• Task requirements
The listing below contains a span that opens with the line containing "of 3) 300gm" and closes with the line containing "桃李不言,下自成蹊。师恩如雨". Return that span exactly.

• Input material

##############################

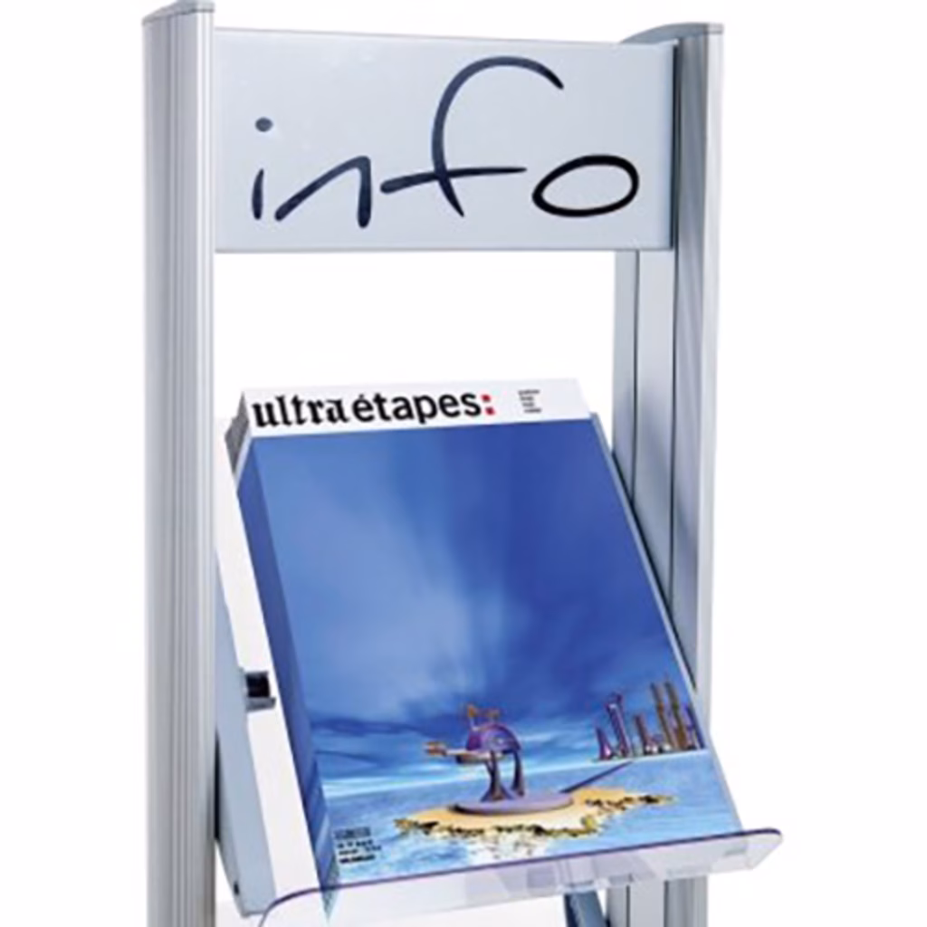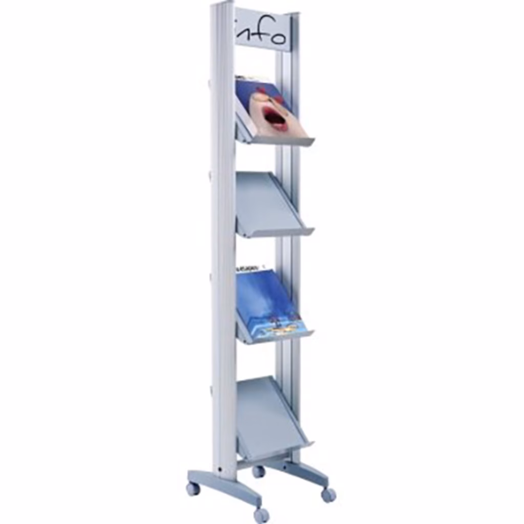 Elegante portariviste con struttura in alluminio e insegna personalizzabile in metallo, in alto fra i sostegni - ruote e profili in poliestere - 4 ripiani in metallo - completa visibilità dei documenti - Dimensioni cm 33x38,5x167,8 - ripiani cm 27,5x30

##############################

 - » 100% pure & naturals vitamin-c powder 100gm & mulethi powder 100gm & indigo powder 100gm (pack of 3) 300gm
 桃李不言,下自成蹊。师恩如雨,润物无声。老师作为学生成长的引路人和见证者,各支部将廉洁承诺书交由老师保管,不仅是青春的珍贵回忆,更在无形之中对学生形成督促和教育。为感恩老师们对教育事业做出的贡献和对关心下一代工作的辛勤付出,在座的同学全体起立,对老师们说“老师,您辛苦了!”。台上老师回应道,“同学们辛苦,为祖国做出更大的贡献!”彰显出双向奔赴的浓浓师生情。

##############################

• Task response
 - » 100% pure & naturals vitamin-c powder 100gm & mulethi powder 100gm & indigo powder 100gm (pack of 3) 300gm
 桃李不言,下自成蹊。师恩如雨,润物无声。老师作为学生成长的引路人和见证者,各支部将廉洁承诺书交由老师保管,不仅是青春的珍贵回忆,更在无形之中对学生形成督促和教育。为感恩老师们对教育事业做出的贡献和对关心下一代工作的辛勤付出,在座的同学全体起立,对老师们说“老师,您辛苦了!”。台上老师回应道,“同学们辛苦,为祖国做出更大的贡献!”彰显出双向奔赴的浓浓师生情。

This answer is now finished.